I tossed all of this in my mind in 2018. All these factors came to my mind:

  • Was I sane to do this? The Z80 code generator module gen.c is about 13,000 lines of code. Although I wouldn't have to rewrite all of it from scratch. In fact since the 8080 has some similarities to the Gameboy Z80, I could get a free ride on some of that code.
  • Will it be of any use? Very few people have only the 8080 or 8085 these days. If they develop for retro CPUs it's more likely to be the Z80 or its faster and more capable descendants for which SDCC works fine. Few people care about the 8080 anymore. In the worst case, just me.
  • What are the steps I should take?

As it turned out, I did some steps fairly quickly and had long hiatuses for others. It's not usable yet and there is a possibility it might never be. I agonised if I should post this as a project. In the end I've decided to present it as is. It:

  • Will probably remain an ongoing project forever even if I get it to work acceptably as some bugs may take a long time to surface or nobody will use it enough to tickle the bug
  • Will not be easy to install as you have to build from a git clone
  • May never be accepted in the mainstream SDCC as I may have done too much violence to the Z80 code generator module (but it might be acceptable if separated into another module, if anybody cares)
  • May not be of use to anybody, including myself
  • May be instructive for anybody wanting to augment the work or do something similar with another Instruction Set Architecture

Now that I have accepted the software condition (an analogue of the human condition) I shall present a series of logs. This is not happening in real-time. Some steps were completed months ago, and some are still in progress. I will also update the status in this description according to progress.

  • Validation

    Ken Yap10/14/2019 at 00:31 2 comments

    This log may change as I understand better how it works.

    Now we come to the key step which the backend must pass otherwise it's useless — checking that the code generated is correct. SDCC comes with a formidable suite of regression tests. The procedure is simple, compile a test program, run it in a simulator (sz80), and output messages for failing tests. The test programs look like this made up example:

    i = 2;
    if ((i + i) != 4)
      error("Failed add");

    Of course a whole range of code from the simple up to the complex like pointer access is tested. A test harness runs all the tests and summarises the results. It should be automated so that continuous integration can check that a code change hasn't made things worse.

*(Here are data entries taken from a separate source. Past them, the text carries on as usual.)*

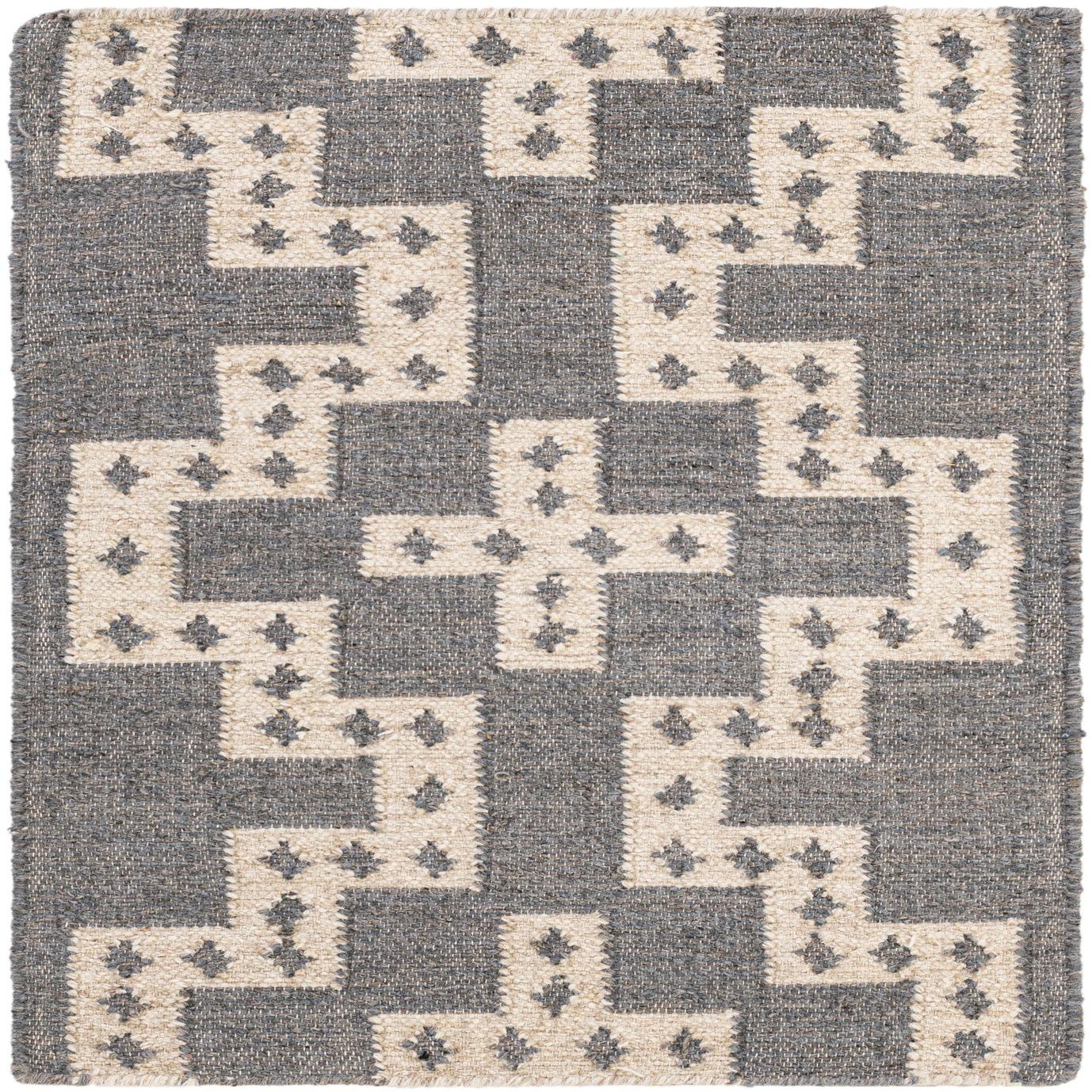 A 2x3 rectangular gray and white tribal wool rug with a repeating geometric pattern, suitable for an entryway.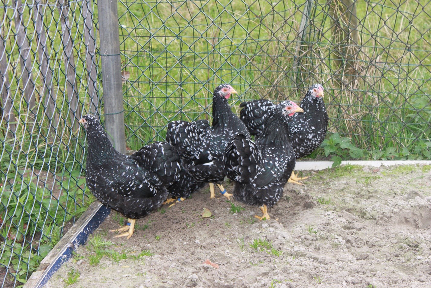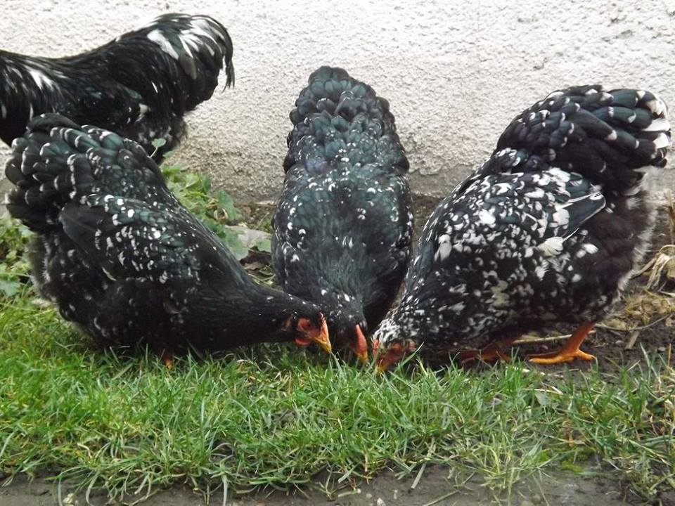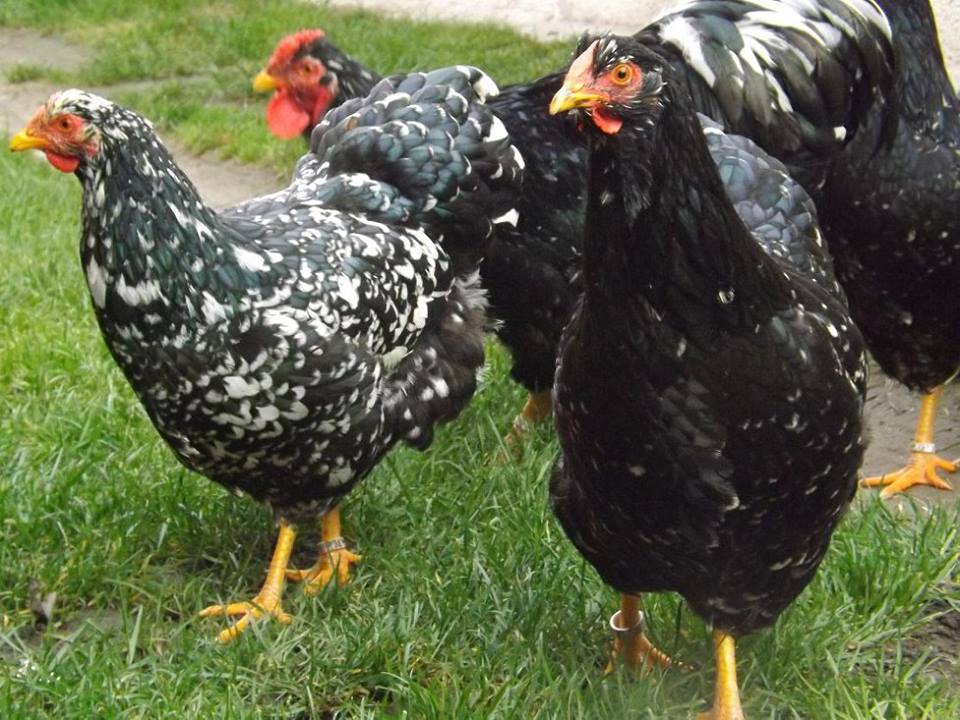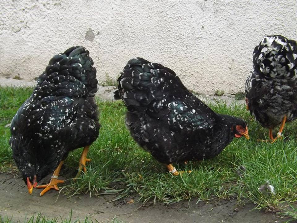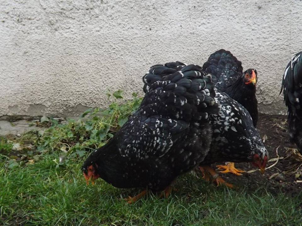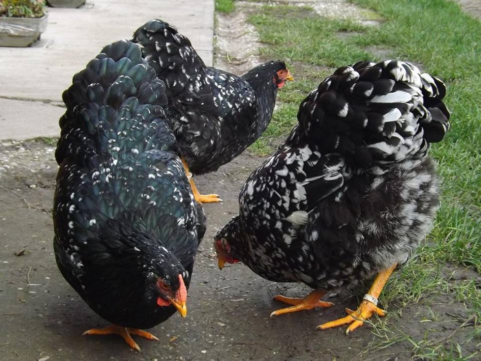 Het gehele gevederte zo gelijkmatig mogelijk zwart met een witte scherp begrensde tekening. Het tekeningbeeld moet zo regelmatig mogelijk zijn. De slagpennen en staartstuurveren, en bij de haan ook de sikkels, worden met een kleine witte eindvlek verlangd. Deze witte tekening ligt op het einde van de veer symmetrisch ten opzichte van de veernerf. De witte veereinden variëren van enigszins getoepte tot ruitvormige eindtippen. Het zwart dient te overheersen. Het zwarte veergedeelte
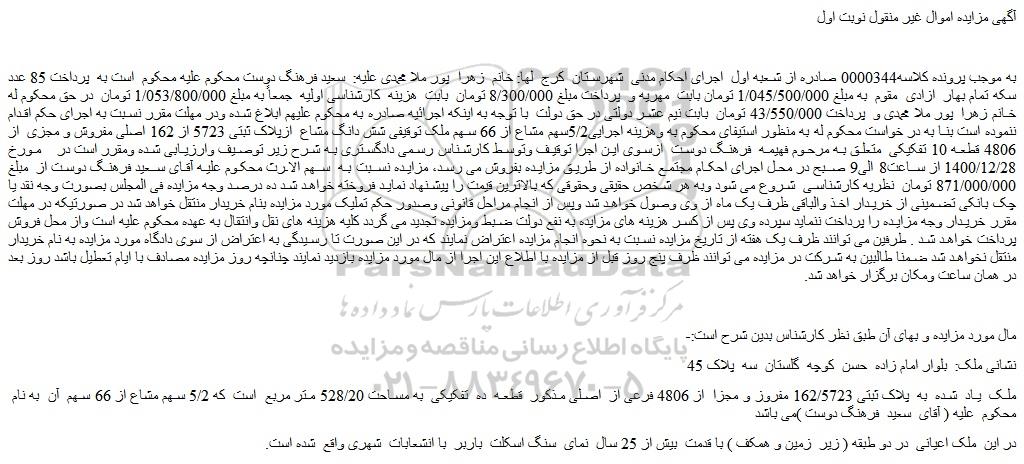 به موجب پرونده کلاسه0000344 صادره از شعبه اول  اجرای احکام مدنی  شهرستان  کرج  لها: خانم  زهرا  پور ملا محمدی علیه:  سعید فرهنگ دوست محکوم علیه محکوم  است به  پرداخت 85 عدد سکه تمام بهار  ازادی  مقوم  به مبلغ 1/045/500/000 تومان بابت  مهریه و  پرداخت مبلغ 8/300/000 تومان  بابت  هزینه  کارشناسی اولیه  جمعاً به مبلغ 1/053/800/000 تومان  در حق محکوم له خانم زهرا  پور ملا محمدی و  پرداخت 43/550/000 تومان  بابت نیم عشر دولتی در حق دولت  با توجه به اینکه اجرائیه صادره به محکوم علیهم ابلاغ شده ودر مهلت مقرر نسبت به اجرای حکم اقدام ننموده است بنا به در خواست محکوم له به منظور استیفای محکوم به وهزینه اجرایی5/2سهم مشاع از 66 سهم ملک توقیفی شش دانگ مشاع  ازپلاک ثبتی 5723 از 162 اصلی مفروش و مجزی  از 4806 قطعه 10 تفکیکی  متعلق به مرحوم فهیمه  فرهنگ دوست  ازسوی این اجرا توقیف وتوسط کارشناس رسمی دادگستری به شرح زیر توصیف وارزیابی شده ومقرر است در    مورخ 1400/12/28 از ساعت8 الی9 صبح در محل اجرای احکام مجتمع خانواده از طریق مزایده بفروش می رسد، مزایده نسبت به  سهم الارث محکوم علیه آقای سعید فرهنگ دوست از  مبلغ 871/000/000 تومان  نظریه کارشناسی  شروع می شود وبه هر شخص حقیقی وحقوقی که بالاترین قیمت را پیشنهاد نماید فروخته خواهد شد ده درصد وجه مزایده فی المجلس بصورت وجه نقد یا چک بانکی تضمینی از خریدار اخذ والباقی ظرف یک ماه از وی وصول خواهد شد وپس از انجام مراحل قانونی وصدور حکم تملیک مورد مزایده بنام خریدار منتقل خواهد شد در صورتیکه در مهلت مقرر خریدار وجه مزایده را پرداخت ننماید سپرده وی پس از کسر هزینه های مزایده به نفع دولت ضبط ومزایده تجدید می گردد کلیه هزینه های نقل وانتقال به عهده محکوم علیه است واز محل فروش پرداخت خواهد شد . طرفین می توانند ظرف یک هفته از تاریخ مزایده نسبت به نحوه انجام مزایده اعتراض نمایند که در این صورت تا رسیدگی به اعتراض از سوی دادگاه مورد مزایده به نام خریدار منتقل نخواهد شد ضمنا طالبین به شرکت در مزایده می توانند ظرف پنج روز قبل از مزایده با اطلاع این اجرا از مال مورد مزایده بازدید نمایند چنانچه روز مزایده مصادف با ایام تعطیل باشد روز بعد در همان ساعت ومکان برگزار خواهد شد.

    But how is error() implemented? We could make it equivalent to a printf(), but what if we aren't sure that we have a working printf()? The solution is to generate a trap instruction for the error() which is handled by the simulator and ensures that we always see output. Unless the program crashes, in which case the output won't match either.

    As an aside, there are compiler options to output the original source lines and iCode as comments in the assembler code so when a test fails one can look at the generated code and work out what were the incorrect assumptions.

    So TODO number 3 is to get the 8080 backend to pass the regression tests, and with various options. That sentence means a lot of iterated work!

    That's the end of the logs for the moment. I just have to collect some round tuits, roll up my sleeves and work on the TODOs.

  • Runtime

    Ken Yap10/09/2019 at 23:41 0 comments

    A binary compiled from C needs some additional code to work. These are the runtime library routines. Typically they consist of utility routines such as character and string functions that many C programmers expect as part of the environment. Even in embedded environments a rudimentary stdio library may be provided that at the bottom calls a couple of routines, getchar() and putchar(), which must be provided by the developer for a particular embedded platform say by talking to a serial interface.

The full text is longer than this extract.